Content starts

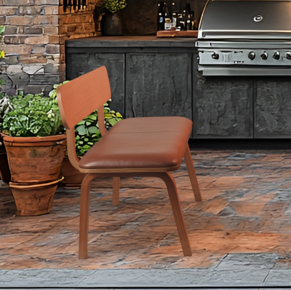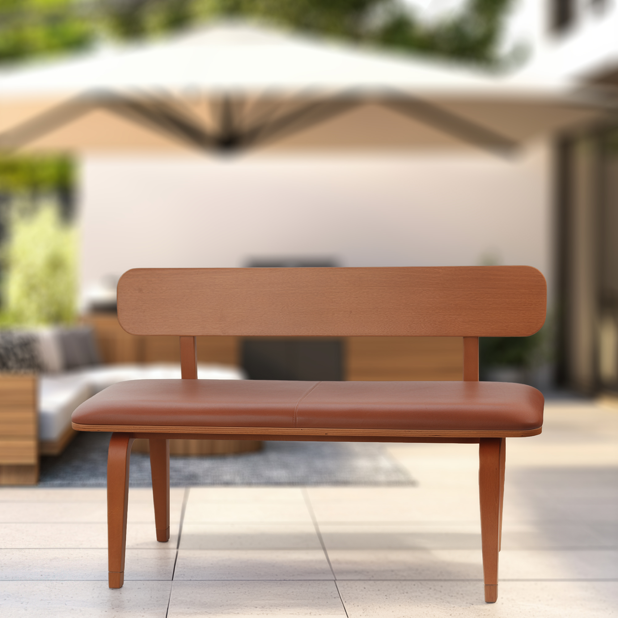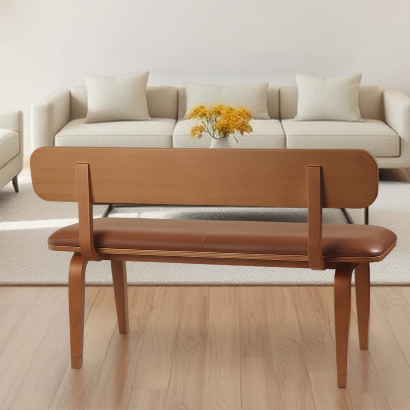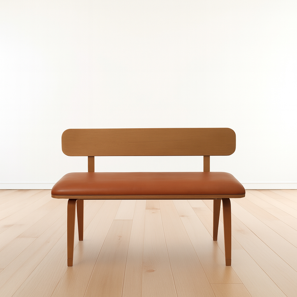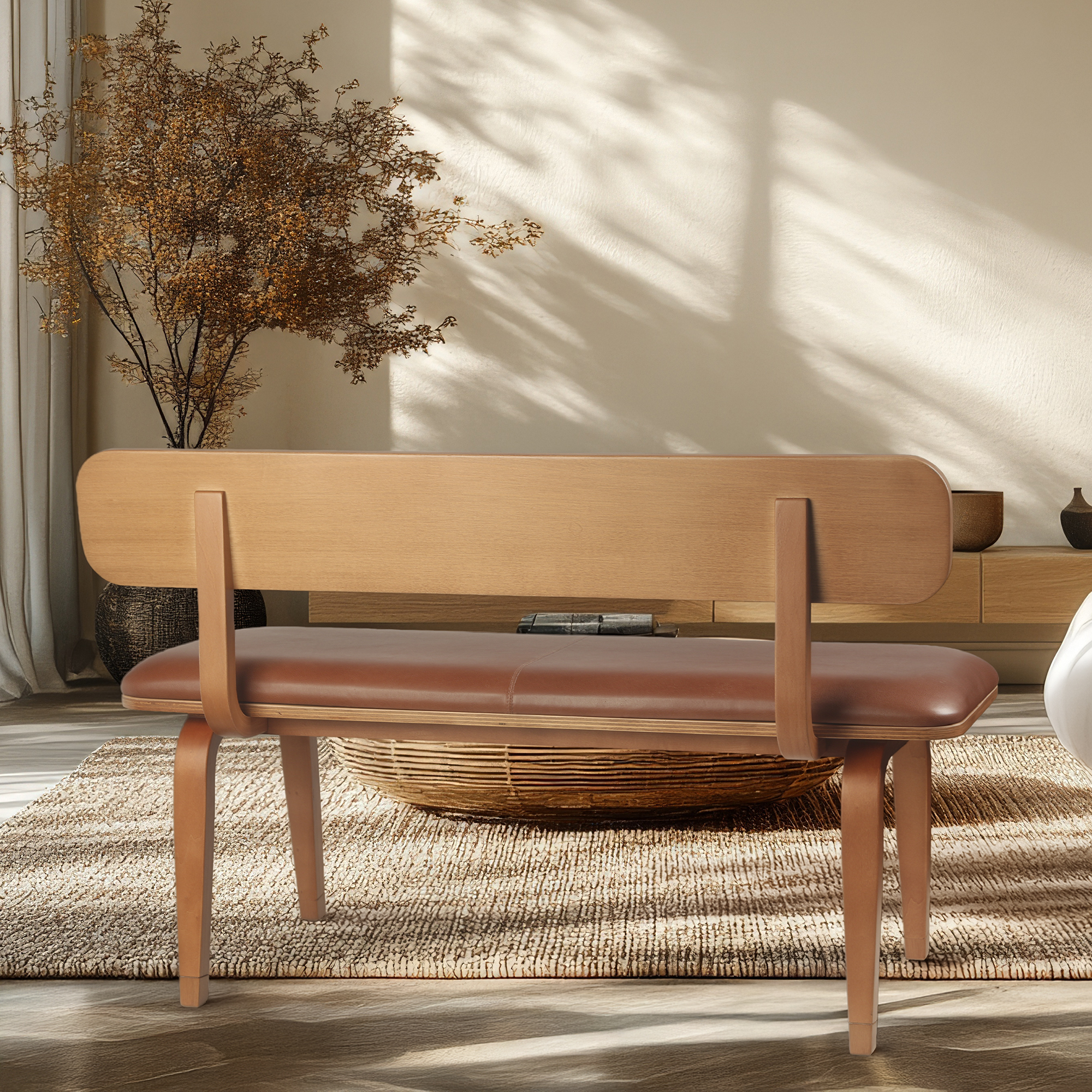 El respaldo recto y estilizado equilibra ergonomía y diseño, creando una pieza ideal para entradas, pasillos, dormitorios o comedores contemporáneos. Cada detalle está trabajado con un enfoque artesanal que resalta la nobleza del cuero y la madera, logrando una estética atemporal.
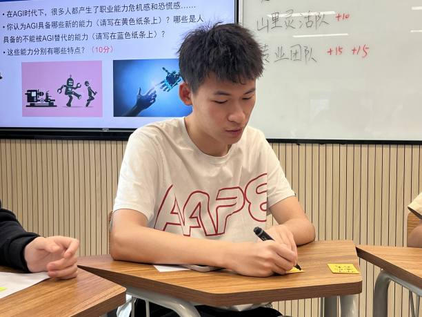 第二环节,“你认为AGI具备哪些能力”和“哪些是人具备的不能被AGI取代的能力”的讨论交流,同学们踊跃参加,归纳出AGI具备数据分析与处理、搜集信息和处理信息等能力,但不能取代人的创新性、道德伦理、情感交流等能力。姜帆老师由此提出“AI+人的组合是未来职业世界的趋势,能够提升未来跨界发展能力”的观点,点明AGI时代对职业产生影响的原因。
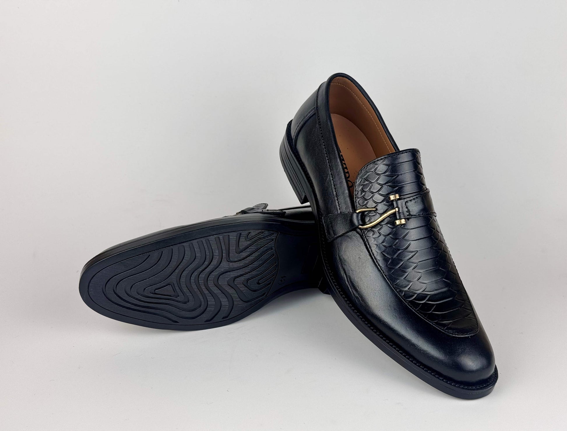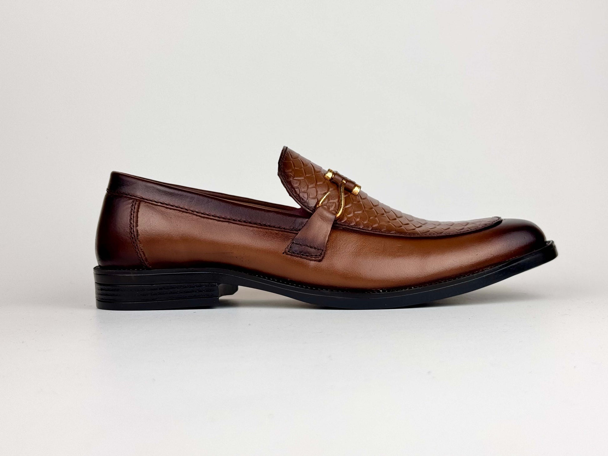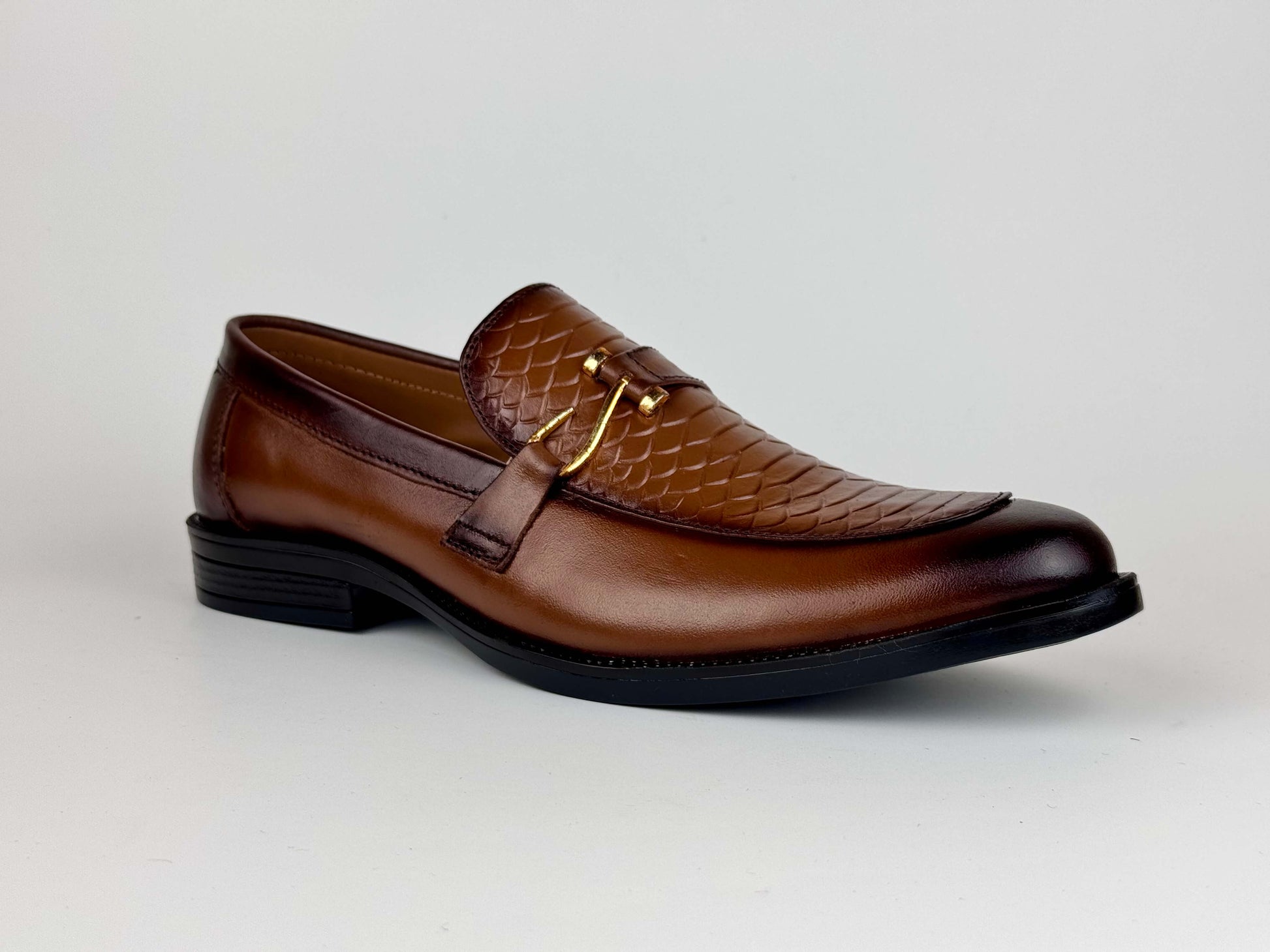 A sophisticated men’s dress shoe crafted from premium burnished leather, elevated with a refined scaled embossed texture on the front. The signature hook-style metallic buckle adds a touch of modern elegance, blending classic craftsmanship with contemporary detailing. Designed for formal occasions and polished everyday wear, this shoe delivers a luxurious finish, exceptional comfort, and a distinguished appearance that stands out effortlessly.

Content ends

WHAT TO PRODUCE:
Repeat the listing verbatim, pictures excluded.

EXERCISE RESULT:
 El respaldo recto y estilizado equilibra ergonomía y diseño, creando una pieza ideal para entradas, pasillos, dormitorios o comedores contemporáneos. Cada detalle está trabajado con un enfoque artesanal que resalta la nobleza del cuero y la madera, logrando una estética atemporal.
 第二环节,“你认为AGI具备哪些能力”和“哪些是人具备的不能被AGI取代的能力”的讨论交流,同学们踊跃参加,归纳出AGI具备数据分析与处理、搜集信息和处理信息等能力,但不能取代人的创新性、道德伦理、情感交流等能力。姜帆老师由此提出“AI+人的组合是未来职业世界的趋势,能够提升未来跨界发展能力”的观点,点明AGI时代对职业产生影响的原因。
 A sophisticated men’s dress shoe crafted from premium burnished leather, elevated with a refined scaled embossed texture on the front. The signature hook-style metallic buckle adds a touch of modern elegance, blending classic craftsmanship with contemporary detailing. Designed for formal occasions and polished everyday wear, this shoe delivers a luxurious finish, exceptional comfort, and a distinguished appearance that stands out effortlessly.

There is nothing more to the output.